7.   EFFECT OF TERMINATION OF EMPLOYMENT OR OTHER SERVICE.

     7.1   TERMINATION DUE TO DEATH, DISABILITY OR RETIREMENT.  In the 
event a Participant's employment or other service with the Company and 
all Subsidiaries is terminated by reason of death,


                                       4



Disability or Retirement, all outstanding Options then held by the 
Participant will become immediately exercisable in full and will remain 
exercisable for a period of one year (three months in the case of 
Retirement) after such termination (but in no event after the expiration 
date of any such Option).

     7.2   TERMINATION FOR REASONS OTHER THAN DEATH, DISABILITY OR RETIREMENT.  

           (a)   In the event a Participant's employment or other service is
     terminated with the Company and all Subsidiaries for any reason other than
     death, Disability or Retirement, or a Participant is in the employ or
     service of a Subsidiary and the Subsidiary ceases to be a Subsidiary of the
     Company (unless the Participant continues in the employ or service of the
     Company or another Subsidiary), all rights of the Participant under the
     Plan and any agreements evidencing an Option will immediately terminate
     without notice of any kind, and no Options then held by the Participant
     will thereafter be exercisable; provided, however, that if such termination
     is due to any reason other than termination by the Company or any
     Subsidiary for "cause," all outstanding Options then held by such
     Participant will remain exercisable to the extent exercisable as of such
     termination for a period of three months after such termination (but in no
     event after the expiration date of any such Option).
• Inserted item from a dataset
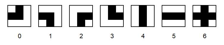 Bei jeder der 25 Aufgaben unten ist die Lösung zu ermitteln. Man nehme dann den Rest bei einer Divsion durch 7. Dieser Rest ergibt dann eine der sieben Figuren.

           (b)   For purposes of this Section 7.2, "cause" (as determined by
     the Committee) will be as defined in any employment or other agreement or
     policy applicable to the Participant or, if no such agreement or policy
     exists, will mean (i) dishonesty, fraud, misrepresentation, embezzlement or
     deliberate injury or attempted injury, in each case related to the Company
     or any Subsidiary, (ii) any unlawful or criminal activity of a serious
     nature, (iii) any intentional and deliberate breach of a duty or duties
     that, individually or in the aggregate, are material in relation to the
     Participant's overall duties, or (iv) any material breach of any
     employment, service, confidentiality or noncompete agreement entered into
     with the Company or any Subsidiary.

     7.3   MODIFICATION OF RIGHTS UPON TERMINATION.  Notwithstanding the 
other provisions of this Section 7, upon a Participant's termination of 
employment or other service with the Company and all Subsidiaries, the 
Committee may, in its sole discretion (which may be exercised at any 
time on or after the date of grant, including following such 
termination), cause Options (or any part thereof) then held by such 
Participant to become or continue to become exercisable and/or remain 
exercisable following such termination of employment or service in the 
manner determined by the Committee; provided, however, that no Option 
may remain exercisable beyond its expiration date.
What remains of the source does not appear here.